Q: EEEのワクチンはどのくらいの頻度で打つべきですか?

A: 基本的な接種スケジュールは、未接種の馬に対して初回接種を行い、4〜6週間後にブースター(追加接種)を打ちます。その後は年1回の定期接種が推奨されています。しかし、これはあくまで基本です。あなたの牧場がアメリカのミシシッピ川以東、特にルイジアナ州やフロリダ州のように蚊の活動期が長い「流行地域」にある場合、かかりつけの獣医師から年に2回の接種を勧められることが一般的です。ワクチンは感染を100%防ぐ魔法の盾ではなく、感染しても重症化を防ぐためのものです。地域のリスクと馬の健康状態に合わせた、オーダーメイドの接種計画を獣医師と一緒に立てることが、最も効果的な予防策です。

Q: 感染が疑われる症状が出たら、まず何をすべきですか?

A: 「おかしい」と感じたその瞬間が、行動のタイミングです。まず第一に、すぐにかかりつけの獣医師に連絡してください他の馬からの隔離を図りましょう。直接感染はしにくいとはいえ、同じ環境で蚊を介した感染リスクを高めないため、また患馬を安静に保つためです。

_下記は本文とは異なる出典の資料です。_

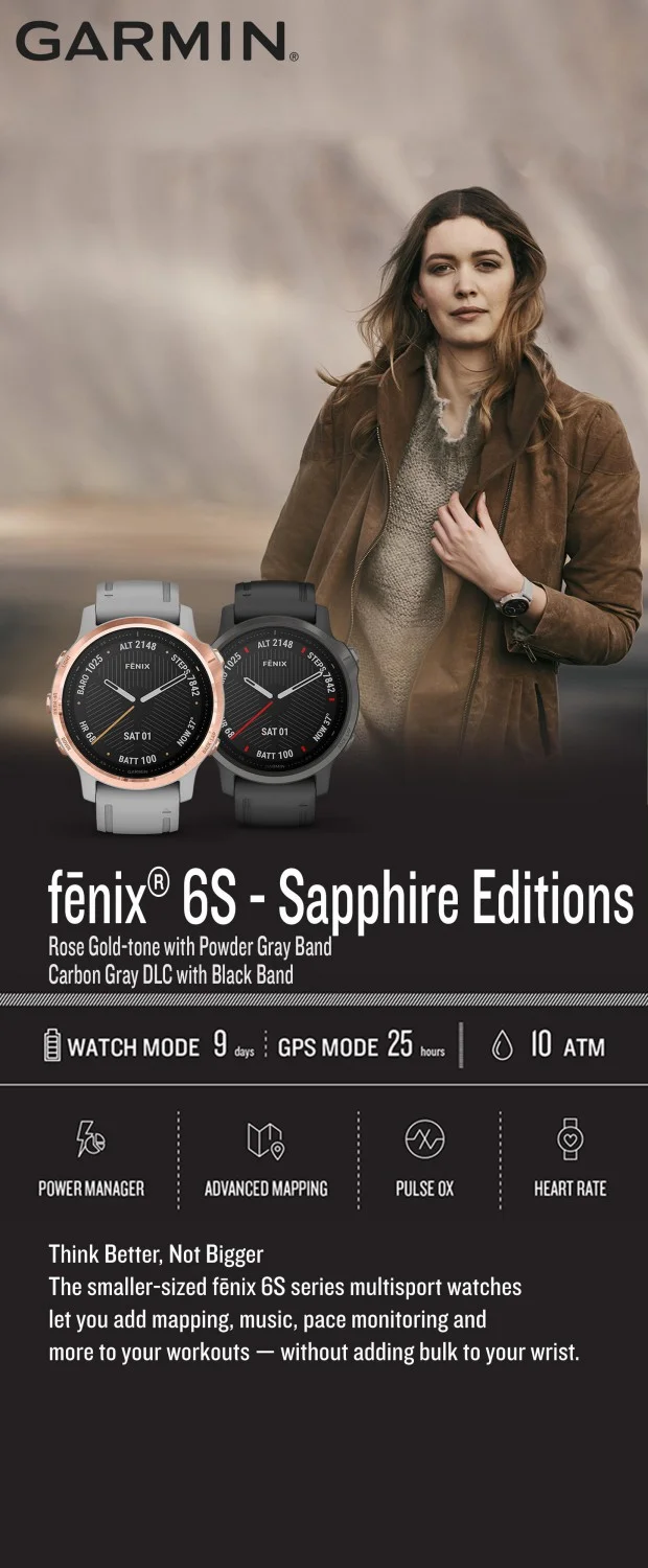Несъмнено, един от най-красивите модели, който веднага ще привлече вниманието на приключенски настроените дами, е Garmin Fenix 6S Sapphire Rose Gold.

第三に、獣医師が到着するまで、馬の具体的な症状(体温、歩様、食欲、神経症状の詳細)を観察・記録しておきましょう。これらの情報は診断の大きな助けになります。パニックは禁物ですが、ためらう時間はありません。

Q: 牧場でできる効果的な蚊対策はありますか?

A: もちろんあります。予防の基本は「ワクチン」と「環境管理」の二本柱です。環境面では、まず蚊の繁殖場所を徹底的に排除することから始めます。古タイヤ、空のバケツ、詰まった雨どいなど、少量の水が溜まる場所を牧場内からなくしましょう。次に、馬自体への防御です。朝夕の蚊の活動が活発な時間帯はできるだけ屋内にいれ、放牧時にはフライマスクやフライシートの着用が有効です。厩舎内では扇風機を使って風の流れを作り、蚊の飛来を妨げましょう。馬用の虫除けスプレーも、製品の指示に従って定期的に使用してください。これらの対策を組み合わせることで、感染リスクを大幅に下げることができます。

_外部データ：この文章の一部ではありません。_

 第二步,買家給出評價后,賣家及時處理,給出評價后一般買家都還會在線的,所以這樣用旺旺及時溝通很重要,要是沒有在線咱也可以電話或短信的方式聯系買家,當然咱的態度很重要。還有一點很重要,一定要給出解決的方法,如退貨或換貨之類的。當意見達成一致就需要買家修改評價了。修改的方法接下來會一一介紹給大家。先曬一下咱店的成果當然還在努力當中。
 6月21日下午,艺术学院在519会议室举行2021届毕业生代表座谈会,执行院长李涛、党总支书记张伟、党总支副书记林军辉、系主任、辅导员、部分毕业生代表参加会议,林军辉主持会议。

Q: EEEで生き残った馬は、その後どうなりますか?

A: 非常に厳しい現実ですが、奇跡的に急性期を生き延びた馬でも、何らかの神経学的後遺症が残る可能性が非常に高いです。後遺症の程度は様々で、軽度の運動協調性の低下や物にぶつかりやすくなるといったものから、視力障害、行動の変化(無気力や易刺激性)など多岐に渡ります。多くの場合、以前のような競技や激しい運動への復帰は難しくなります。私たち飼い主に求められるのは、彼らが後遺症とともに可能な限り質の高い生活(QOL)を送れる環境を整えることです。それは、安全でストレスの少ない居場所の提供、必要に応じた介護、そして何よりも彼らの新しい状態を受け入れる忍耐と愛情です。回復はゴールではなく、新たな関係性の始まりだと考えてケアにあたりましょう。